Lundquist was born in Westbury, New York, the son of an architect. He grew up in Peekskill, New York and studied architecture at Columbia University. As a senior there in 1937, he was hired to work in the office of well-known architect Raymond Loewy, receiving training from Loewy himself. At the Loewy firm, he worked on the Chrysler pavilion for the 1939 New York World’s Fair, devising a wind tunnel which would show the air flows around Chrysler’s latest car. He also devised a “frozen forest” which would dramatize Chrysler’s latest automotive feature, the air conditioning system. Made up of trees with refrigerant inside, the forest became a popular retreat on hot summer days at the Fair site.

Lundquist was commissioned as a lieutenant in the United States Navy, which utilized his graphic design talents. Lundquist served in the Office of Strategic Services, where he worked with Alger Hiss and fellow architect Eero Saarinen. Lundquist would prepare visual presentations for the Joint Chiefs of Staff, as well as for the Washington press corps.

In 1943, Lundquist won top honors in Art & Architecture’s Post War Living housing competition, for a house which he designed with Saarinen.

After being discharged from the Navy, Lundquist led the team responsible for graphic design for the United Nations Conference in San Francisco in April 1945. The initial design for the badge, initially created by Donald McLaughlin, who worked for Lundquist, was only intended to decorate the delegates’ badges, not as a logo for any organization.

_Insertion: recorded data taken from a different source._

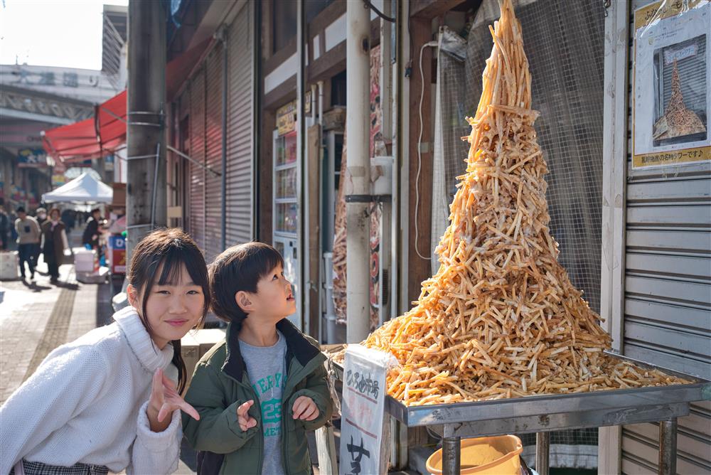 高知と言えば真っ先に思い浮かぶのがカツオのたたき、そして豪快に飲むお酒。子どもたちがその真骨頂を理解するのはまだまだ先のこと。それよりもお菓子が食べたい年ごろ。そこで最高においしく食べられ、子供たちが大好きなお菓子が高知の芋けんぴです。この日ももちろん芋けんぴを食べ歩きしてましたが、そんな芋けんぴの山を見つけて大興奮です。私もテンションが上がり、子どもたちと並んで写真を撮ろうとしましたが、芋けんぴの山の虜になった息子は全然こっちを向いてくれませんでした。何はともあれ、大人から子どもまで楽しめるグルメがある高知は非常に魅力的だと思いました。芋けんぴは手軽に食べられるし、日持ちするし、ヘルシーだし、小腹がすいた時にもってこいだし、お土産にも嬉しいし、と良いことだらけと改めて感じました。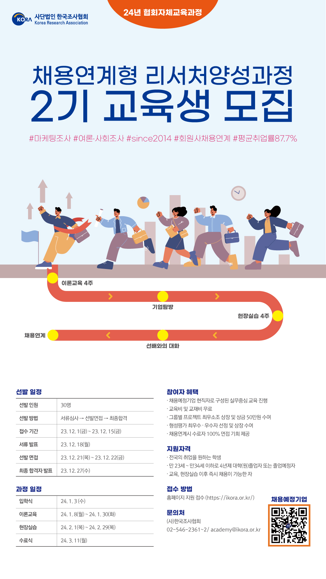 「채용연계형 리서처양성과정 2기」 참여자 모집 공고
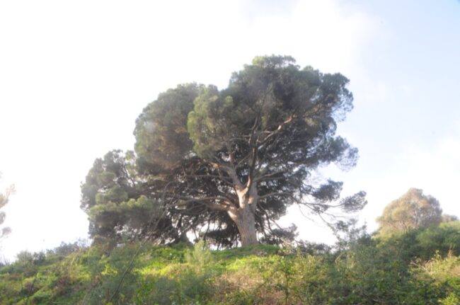 “Otro árbol que requiere protección es un Pino piñonero (Pinus pinea). Este pino tiene parte de sus raíces al aire debido a que la erosión está haciendo que el terreno donde se encuentra esté sufriendo desprendimientos. La situación es tan dramática que estas raíces que se encuentran al aire han sido afectadas también por los incendios del pasado verano, acelerando el proceso de deterioro del mismo. Se propone la creación de un muro de contención y posterior relleno de tierra en los alrededores del pino, para que las raíces vuelvan a estar bajo tierra.”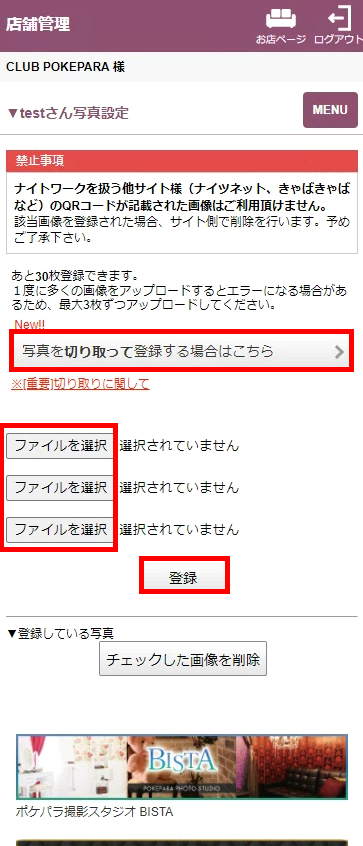 出勤状況・出勤時間を編集できます。設定方法は女の子出勤情報をご確認下さい。 - 写真設定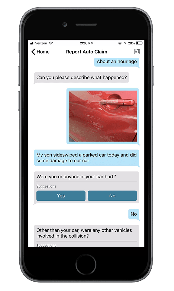 - Automated claims processing: Customers can submit auto claims directly from their mobile devices, with the system collecting the necessary details through an automated chatbot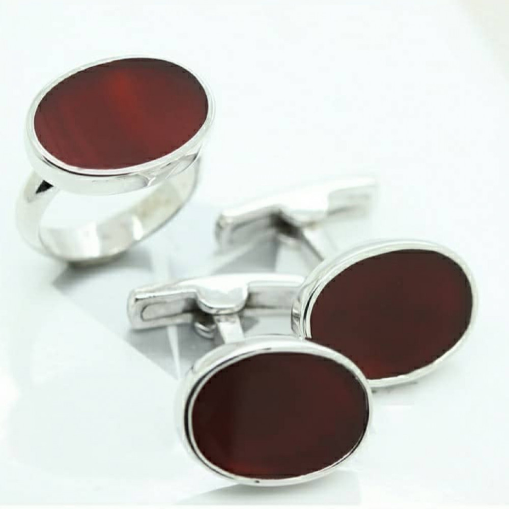 كبك فضة إيطالي خالص مع حجر عقيق اخضر
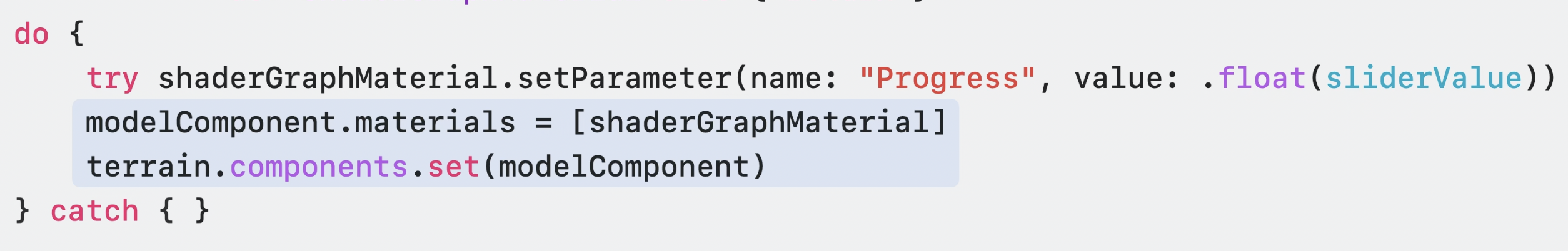 마지막으로 Material을 다시 ModelComponent에 저장하고 ModelComponent를 다시 terrain entity에 저장한다.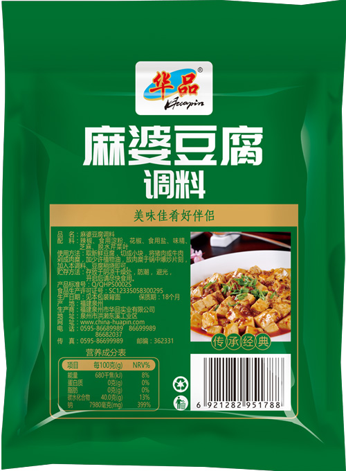 取新鲜豆腐,切成小块,将猪肉或牛肉剁成肉糜,加少许植物油,放肉糜于锅中爆炒片刻,加入本调料、豆腐稍烧即可。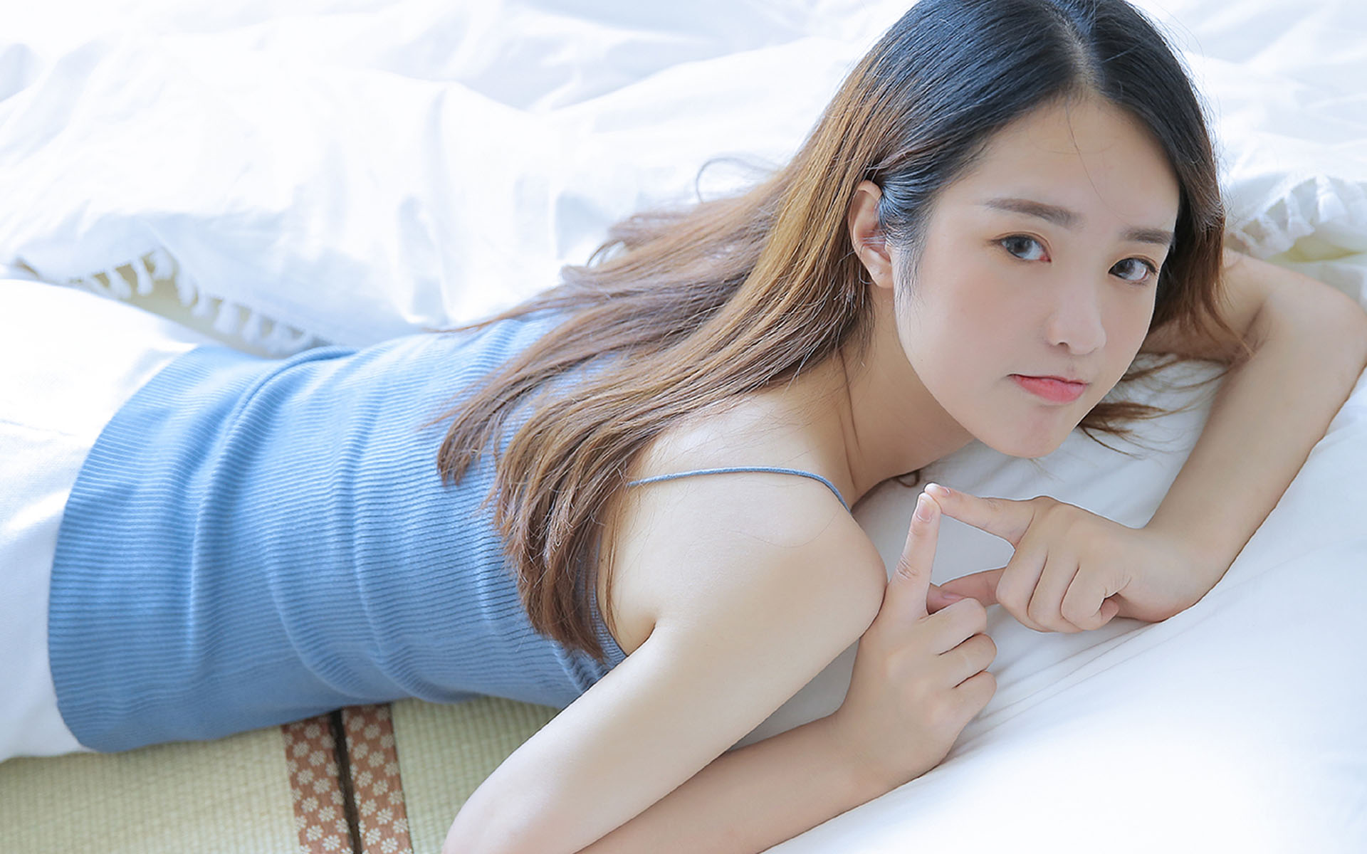 我的脚只是象征性地拍着水,父亲的手不时在我那娇小的乳房上拿捏一下, 而另一只手几乎是抵着我的阴户,身下那一股热流弄得我一派烟水桃花情欲迷离。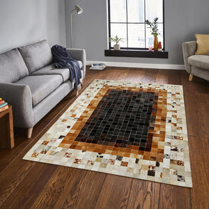 El Dokuma Kahverengi Hakiki Deri Salon Halısı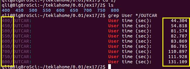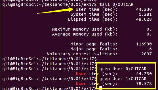 注意:grep User OUTCAR 后得出的结果被空格分成了4部分,时间信息在第4部分里面。User(1) time(2) (sec:)(3) 44.20 (4)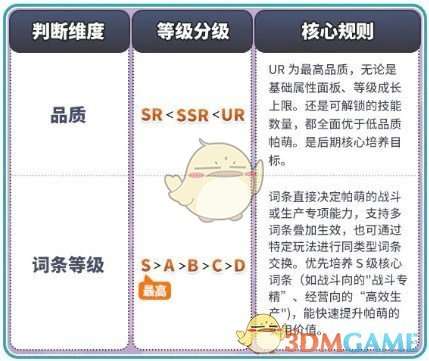 品质分为SR,SSR,UR。词条也有等级,划分为S最高,帕萌可同时拥有多个词条也可以同类型交换词条。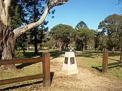 The Park is surrounded by a modern two-rail wooden fence, erected in accordance with the recommendation of the Conservation Management Plan of 2003. A single pathway cuts diagonally across the Park from Macquarie Road opposite St John's Anglican Church down to the junction of George and Duke Roads, where there are metal gates erected in 1947 in memory of those local men and women who had served in World War II. Towards the northern end of this pathway there is the World War I Memorial, originally erected elsewhere in the town in 1918 and reconstructed within the Park in 1966.[1]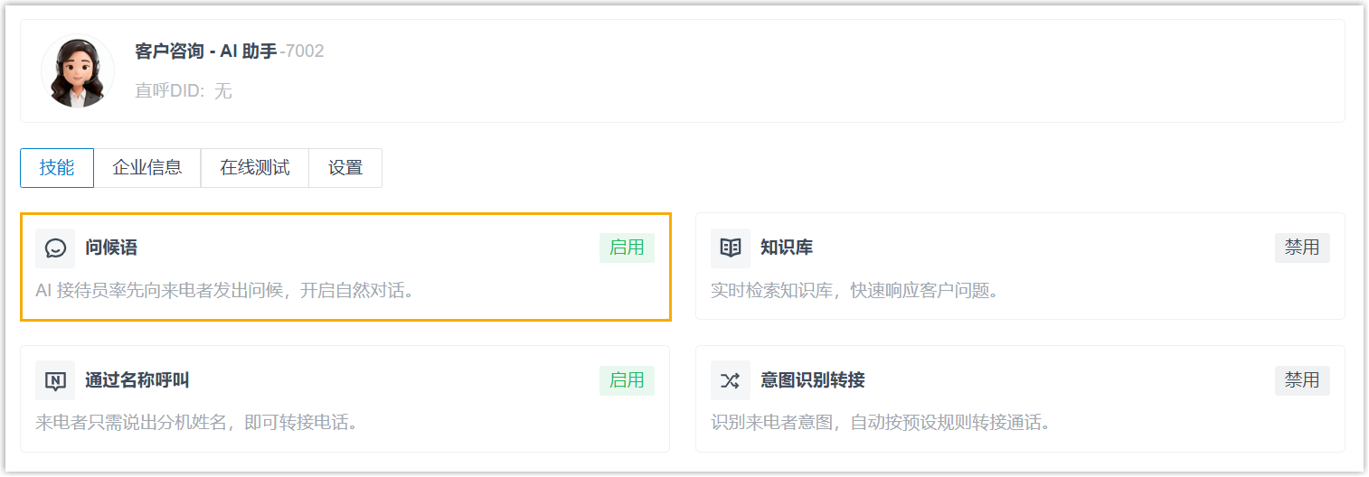 3. 技能 页签下,点击 问候语 技能卡片。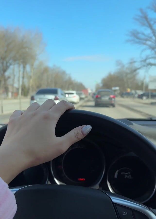 driver's point of view inside a car on a road with other vehicles. The dashboard and steering wheel of the car are visible. The driver's left hand is on the steering wheel. The car is moving slowly in traffic on a sunny day with a clear blue sky. Trees line the road. The dashboard indicates that the car requires servicing.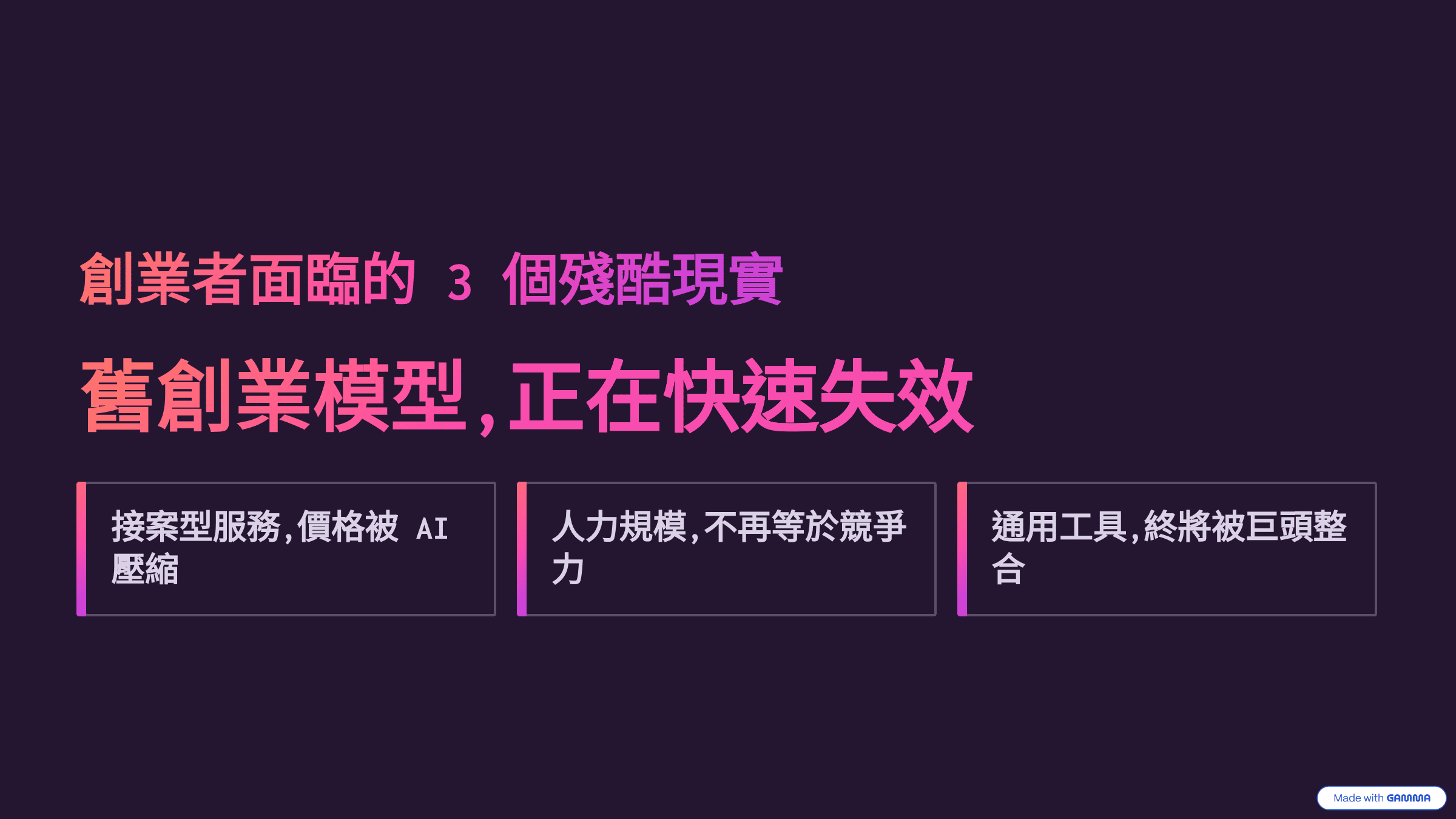 - 創業不再「人海戰術」,而是 AI-first 商業模型

The design, as developed by the team, was blue because the color was seen as the opposite of red, the color of war. It was more centered on the United States as host nation of the conference than is today’s United Nations logo, and it excluded southern South America, since Argentina was not expected to join the United Nations (it did so later). The UN kept the idea of an azimuthal north polar projection of the world within olive branches, but rotated the design somewhat, and expanded it so that all major continents could be seen in full.

A few years ago we celebrated Donal McLaughlin’s centennial here on Dispatch. These were two amazing designers whose works are universally recognizable. Lundquist’s professional legacy will certainly live on.